What is required:
Please return exactly the lines from the beginning of the listing up to and including the line with "This double-breasted knitted", with no pictures.

Dataset extract:
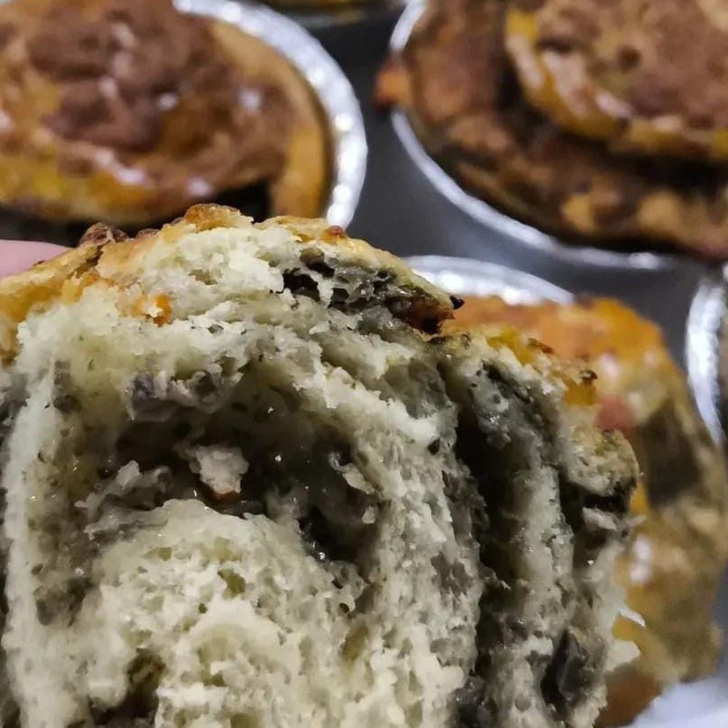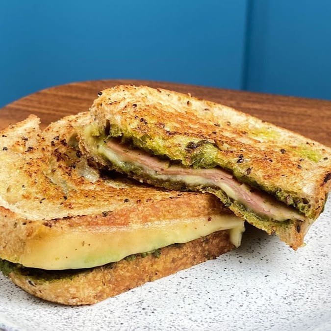 Sandubão de pão sourdough de fermentação natural com queijo, presunto e pesto de manjericão| *Pode conter castanhas na massa*
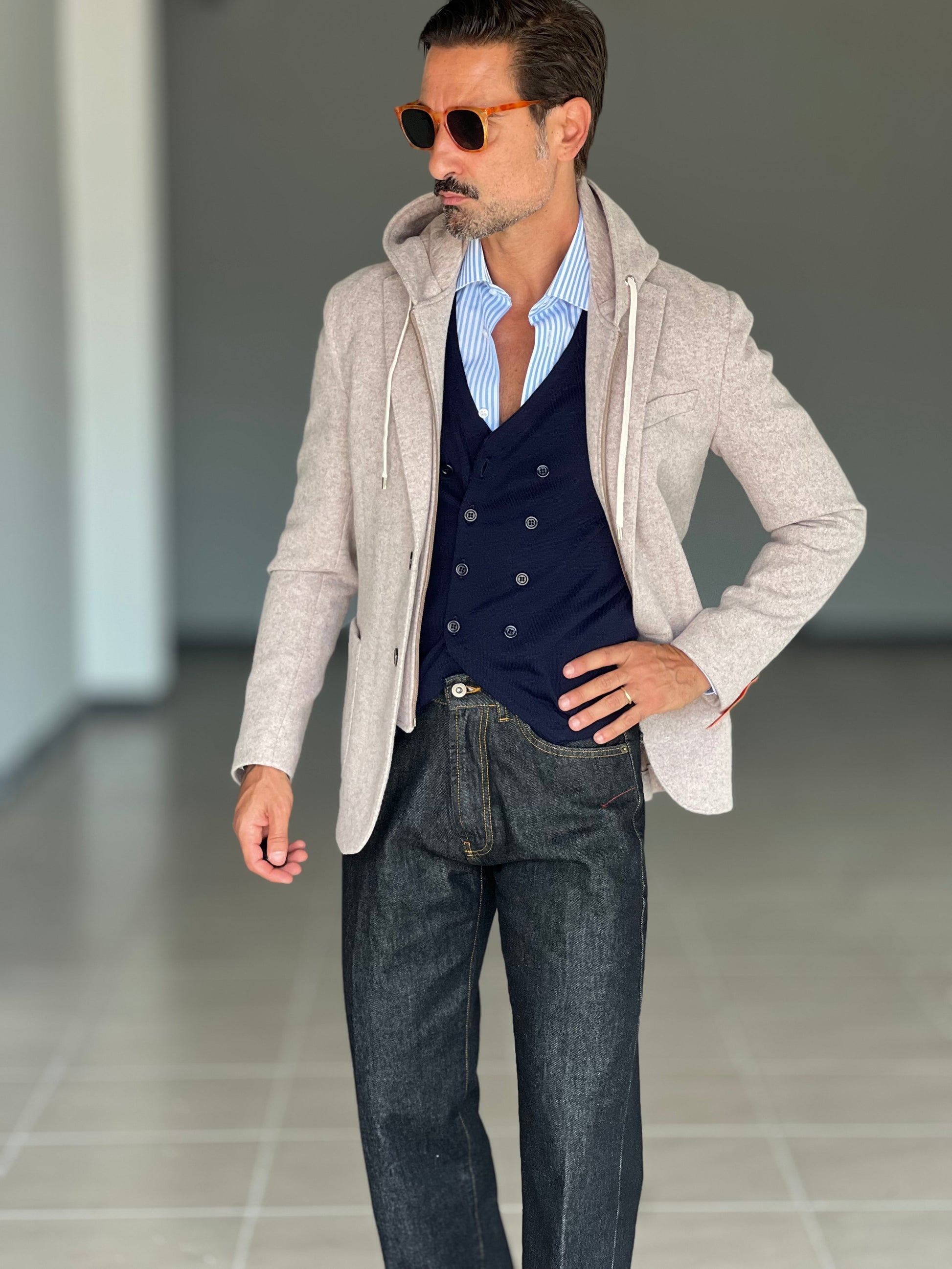 This double-breasted knitted vest combines classic tailoring with modern knitwear comfort. Crafted for a refined silhouette, it provides versatility for both formal and casual occasions. Its structured design enhances presence while offering the flexibility and softness of quality knit fabric, making it an essential layering piece for a sophisticated wardrobe.
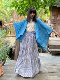 麻柄オリジナルプリントのヘンプ100%ティアードスカート
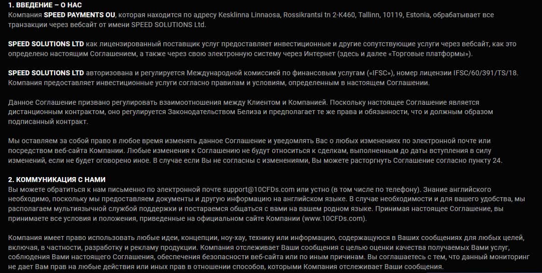 Клиентское соглашение 10CFDs
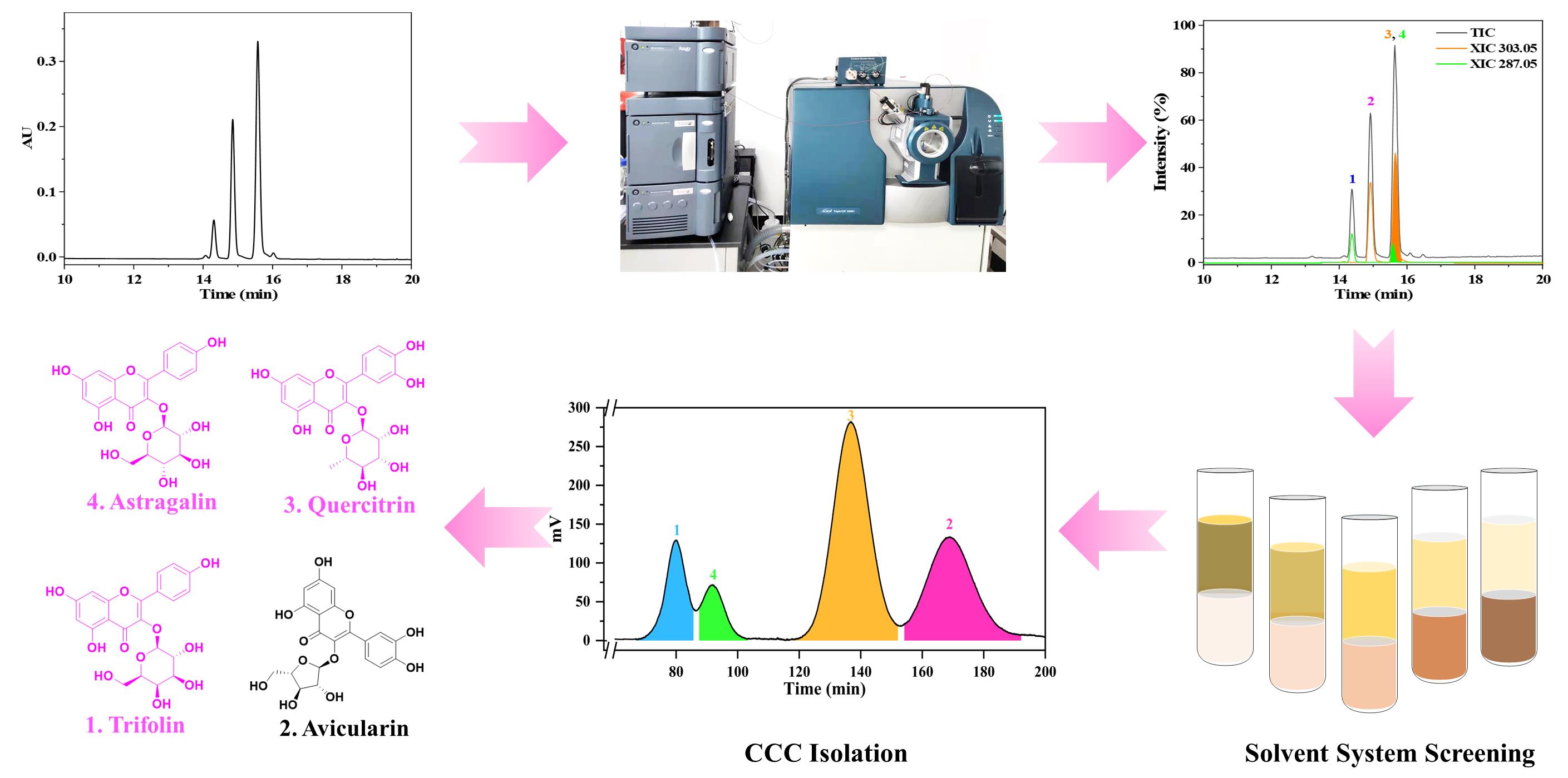 另外,由于天然產(chǎn)物組成成分和結(jié)構(gòu)復(fù)雜多樣,常常會出現(xiàn)色譜共洗脫現(xiàn)象,難以被發(fā)現(xiàn)、分析和分離。針對這一挑戰(zhàn),研究團隊提出一種基于UPLC-QTOF-MS/MS和CCC的HPLC共洗脫異構(gòu)體的差異識別和靶向分離策略。通過UPLC-QTOF-MS/MS實現(xiàn)了對共洗脫異構(gòu)體的差異特征精確識別和準(zhǔn)確定量,解決了共洗脫異構(gòu)體無法進行CCC溶劑系統(tǒng)篩選的關(guān)鍵技術(shù)問題?;诖瞬呗?,成功從唐古特大黃葉中分離得到astragalin等四種高純度的黃酮類化合物,其中三個互為異構(gòu)體。該研究為天然產(chǎn)物分離過程中共洗脫異構(gòu)體的分析和分離提供了新的思路。
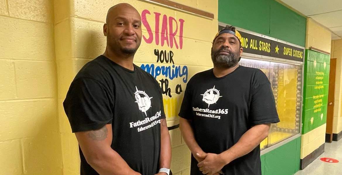 Brent Johnstone and Akeiff Staples of Fathers Read 365, a Philadelphia organization that encourages pre- and early elementary students in Philly to read and to believe in themselves.
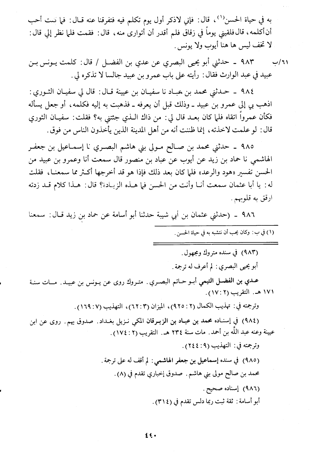 983 - حَدَّثَنِي أَبُو يَحْيَى الْبَصْرِيُّ، عَنْ عَدِيِّ بْنِ الْفَضْلِ، قَالَ: كَلَّمْتُ يُونُسَ بْنَ عُبَيْدٍ فِي عَبْدِ الْوَارِثِ، فَقَالَ: «§رَأَيْتُهُ عَلَى بَابِ عَمْرِو بْنِ عُبَيْدٍ جَالِسًا، لَا تَذْكُرْهُ لِي»
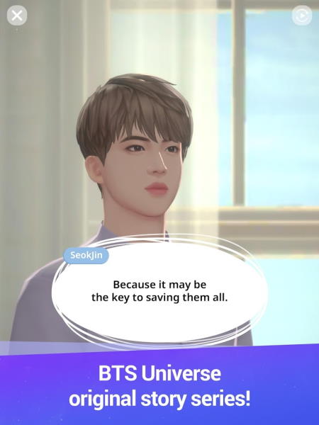 The other half of BTS Universe Story is creating your own story. This game is basically allowing any kind of BTS fanfiction come to life with 3D models and nice background art, so let your imagination go wild!
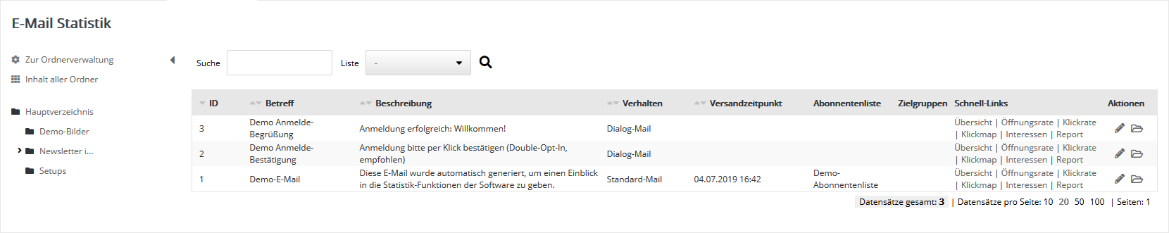 Über die Schnell-Links 'Übersicht', 'Öffnungsrate', 'Klickrate', 'Klickmap',  'Interessen' und 'Report' gelagen Sie sofort zum gewünschten Detail-Reiter der Statistik. Über die Aktionen 'Öffnen' und 'Ordner öffnen' lässt sich entweder die Statistik oder der Ordner öffnen, in dem sich die E-Mail befindet.

Response box:
 Sandubão de pão sourdough de fermentação natural com queijo, presunto e pesto de manjericão| *Pode conter castanhas na massa*
 This double-breasted knitted vest combines classic tailoring with modern knitwear comfort. Crafted for a refined silhouette, it provides versatility for both formal and casual occasions. Its structured design enhances presence while offering the flexibility and softness of quality knit fabric, making it an essential layering piece for a sophisticated wardrobe.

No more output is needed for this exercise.